Художник вскочил и неистово крикнул:
– А уж это нет-с! Это извините-с, бо он, низкий он человек, должен был помнить, что он оставил!
– Эх, Илья Макарыч! А еще вы художник, и „свободный художник“! А молодость, а красота, а коса золотая, сердце горячее, душа смелая! Мало вам адвокатов?
– То есть черт его знает, Анна Михайловна, ведь в самом деле можно с ума сойти! – отвечал художник, заламывая на брюшке свои ручки.
– То-то и есть. Вспомните-ка ее песенку:
То горделива, как свобода, То вдруг покорна, как раба.
– Да, да, да… то есть именно, я вам, Анна Михайловна, скажу, это черт знает что такое!
Долго Анна Михайловна и художник молчали. Одна тихо и неподвижно сидела, а другой все бегал, а то дмухал носом, то что-то вывертывал в воздухе рукою, но, наконец, это его утомило. Илья Макарович остановился перед хозяйкой и тихо спросил:
– Ну, и что ж делать, однако?
– Ничего, – так же тихо ответила ему Анна Михайловна.

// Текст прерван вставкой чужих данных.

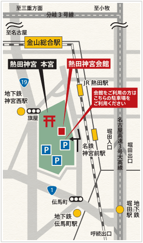 ▼坐JR的話在「熱田駅」下,名鐵的話在「神宮前駅」下,地鐵的話在「神宮西駅」下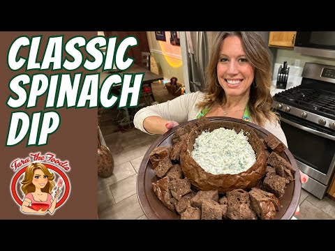 This is the spinach dip we've all had at holiday gatherings and special occasions... sour cream, mayo, vegetable soup seasoning packet, water chestnuts, spinach, and green onions. Mix it all together and serve it in a big, delicious pumpernickel bread bowl. It's classic. It's timeless. It's delicious!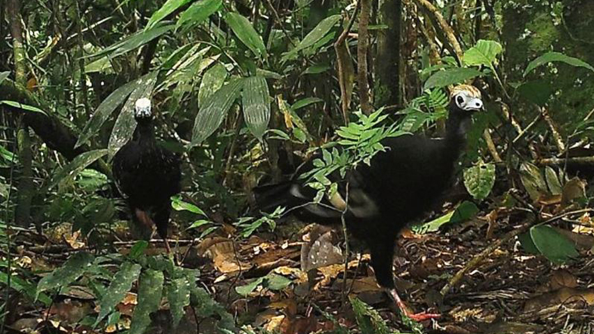 Pavas de garganta azul caminando en el Parque Nacional del Río Abiseo, ubicado en la región San Martín.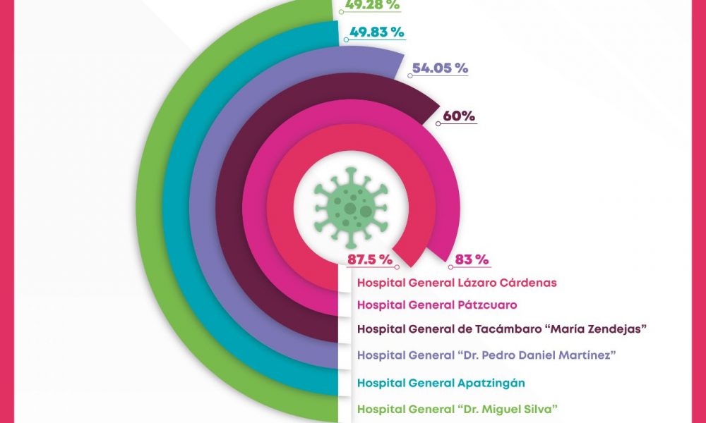 El Hospital General de Lázaro Cárdenas es el que encabeza la lista, con una ocupación de 87.5 por ciento, seguido por el de Pátzcuaro con 83; asimismo, el de Tacámbaro con 60, Uruapan 54.05 y Apatzingán con 49.83 puntos porcentuales.

Художник походил еще немножко, сделал на одном повороте руками жест недоумения и произнес:
– Прощайте, Анна Михайловна.
– Прощайте. Вы домой прямо?
– Нет, забегу в Палкин, водчонки хвачу.
– Что ж вы не сказали, здесь бы была водчонка, – спокойно говорила Анна Михайловна, хотя лицо ее то и дело покрывалось пятнами.
– Нет, уж там выпью, – рассуждал Журавка.
– Ну, прощайте.
– А написать ему можно? – шепотом спросил художник, снова возвращаясь в комнату в шинели и калошах.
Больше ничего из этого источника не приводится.